Automatism
(from Wikipedia) Automatism is a rarely used criminal defense. It is one of the mental condition defenses that relate to the mental state of the defendant. Automatism can be seen variously as lack of voluntariness, lack of culpability (unconsciousness) or excuse (Schopp). Automatism means that the defendant was not aware of his or her actions when making the particular movements that constituted the illegal act. For example, Esther Griggs in 1858 threw her child out of a first floor window believing that the house was on fire, while having a night terror. Brian Thomas strangled his wife in their campervan in a more recent case in Aberporth in an episode of rapid eye movement sleep behaviour disorder (a disorder related to sleepwalking), where he dreamed there was an intruder on top of his wife. The defense of automatism is denying that the person was acting in the sense that the criminal law demands. As such it is really a denial-of-proof – the defendant is asserting that the offence is not made out.

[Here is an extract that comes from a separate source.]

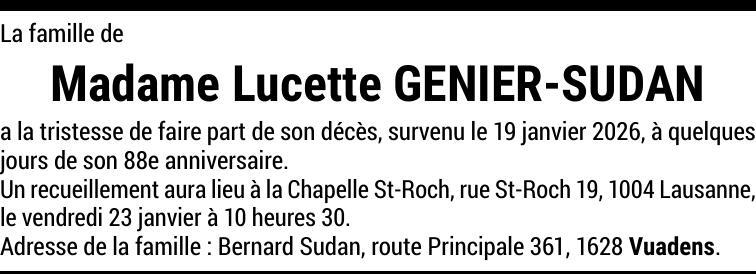 Madame Lucette GENIER-SUDAN
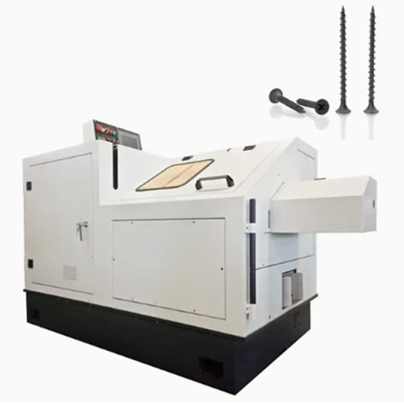 Máy làm vít bằng thép không gỉ được thiết kế đặc biệt để sản xuất vít thép không gỉ. Đầu tiên, dây thép không gỉ được đưa vào máy, sau đó được cắt theo chiều dài mong muốn. Tiếp theo, đầu vít được ép ra bằng khuôn và các sợi được cuộn lên nó.

The prosecution does not have to disprove the defense as is sometimes erroneously reported; the prosecution has to prove all the elements of the offence including the voluntary act requirement. Automatism is a defense even against strict liability crimes like dangerous driving, where no intent is necessary.
Scope
Automatism is arguably the only defense that excludes responsibility by negating the existence of the actus reus which uniquely allows it to be a defense to both conventional and strict liability offences (although this argument could be extended to the status defense of insanity too). Strict automatism is a denial of actus reus and therefore most commonly used as a defense against strict liability offences. There are a number of reasons why a person may go into a state of automatism, including dissociation or hypo/hyperglycemia. Unconsciousness is the defense of denial of mens rea, which is easier to prove and hence more commonly used for non-strict liability crimes. For example in cases of homicidal sleepwalking the illegal act is typically not denied but the intent to kill is. The defendant will typically be perplexed and confused and will not cover up the episode. Kenneth Parks, after killing his mother-in-law and severely injuring his father-in-law, drove to the police station stating that he thought he’d killed some people. The person’s movements seem purposeful – the sleepwalker interacts with his environment in a limited way. Nonetheless the sleepwalker is not conscious of his actions. The use of the term automatism for these situations causes some confusion, as in these cases it is really the lack of intent on the part of the defendant which denies the mens rea of the offence rather than the actus reus (although this distinction is problematic in many instances), better called unconsciousness. Intention is a problem in crimes of strict liability. Very few people intend to crash their vehicles, so clearly something better than intent is required to define automatism.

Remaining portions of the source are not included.